Cole gulped down a cup of wine, which was another surprise. He never was much of a drinker. "Listen, I got a favor to ask."
"Sure — as long as I can do it without getting out of bed."
Cole handed him the pencil and paper. "I need you to write me a note."
"What the hell are you talking about, Cole? Do I look like Ernest Hemingway?"
"Who's that?"
"Never mind. What I mean is, I'm not much of a writer. The nuns in school always smacked my knuckles because my handwriting was so bad."
"But you can read and write?"
"Do I look like an idiot? Sure I can read and write." Then it dawned on Vaccaro. He stared at Cole. "You mean you can't?"
"Why the hell do you think I’m here."
Vaccaro nodded, any thoughts of gloating having vanished at the edge in Cole’s voice. "Don't get sore. I'll do it. Listen, where I grew up there's book smarts and street smarts. One can be as good as the other, depending on the situation. You got plenty of street smarts. Or maybe woods smarts in your case."
Cole handed him the pencil and paper, then told him what to put in the note. "Make the letters big enough so the son of a bitch can see it."
"Cole, he shot me from three hundred yards. I don't think there's anything wrong with his eyes." He handed the paper back to Cole. "That's it? I don't get the twelve o'clock part. How you know what position you'll be in?"
"It don't matter where I am. It matters where I put this here note. With any luck, it will be the last thing ol’ Das Gespenst reads."
CHAPTER 31
Under cover of darkness, Cole slipped across the fields and into the woods. He dressed warmly against the bitter cold, with a white smock made from a sheet to camouflage his uniform. Over a wool cap, he wore his Confederate flag helmet with the bullet hole in it. He carried his rifle in his hands.

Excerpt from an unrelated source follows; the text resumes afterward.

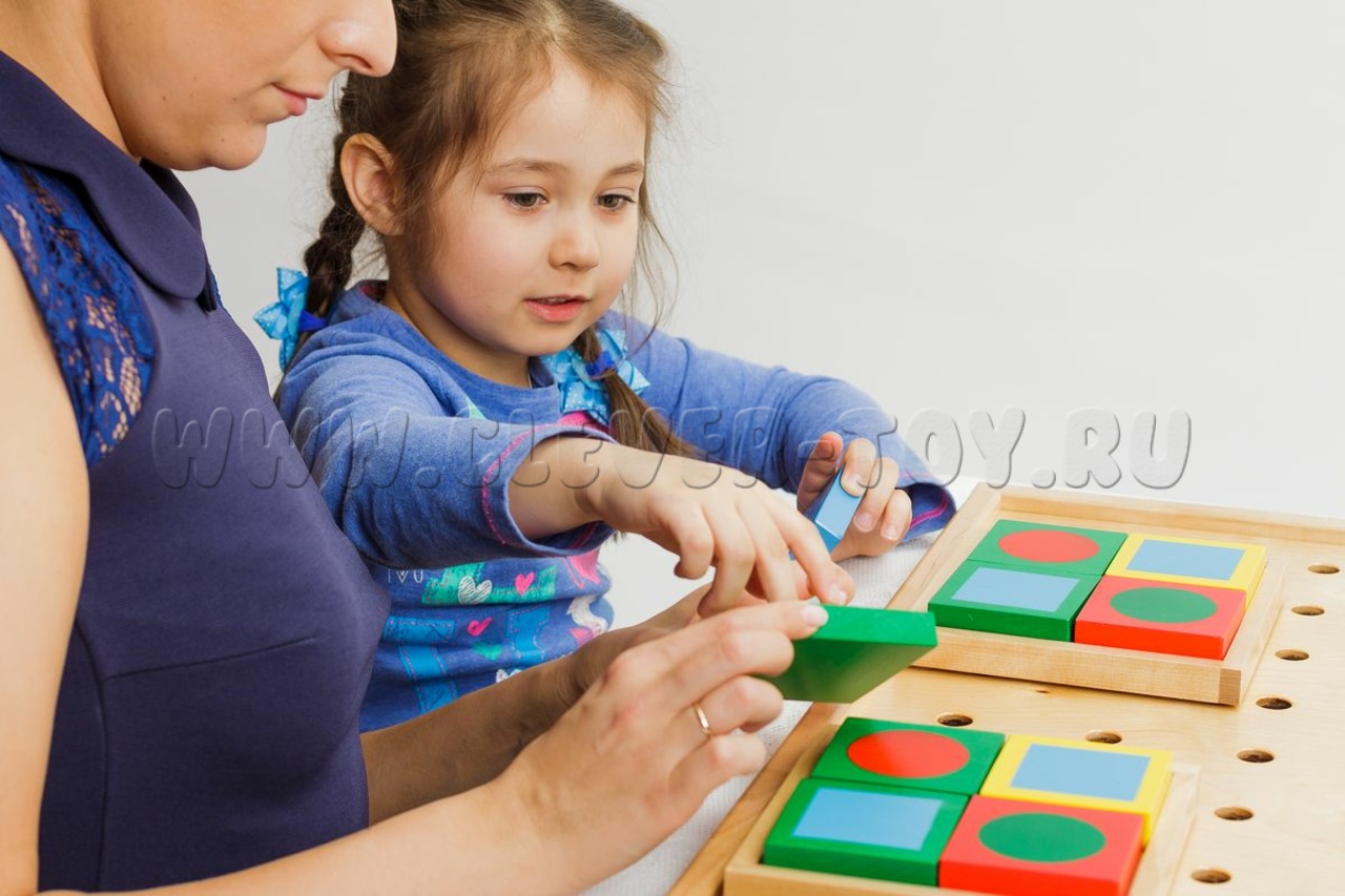 100 фигур (квадраты, треугольники, прямоугольники) 4 цветов и разных размеров. Ребёнок складывает из них другие фигуры и изображения (дома, машины), учится сравнивать, находить общее/различное. Тренирует моторику.

Strapped across his back were a half dozen fence pickets with names painted on them. He had put aside his pride to have Vaccaro write him that note, but he could manage to scrawl last names on a scrap of wood. He had used the names of dead snipers: Rowe and McNulty. He also used the name of Jimmy Turner, the simple country kid who had died in the first minutes on Omaha Beach and who had no more business in a war than a choir boy had in a prize fight. The last name scrawled on a picket was Cole’s own.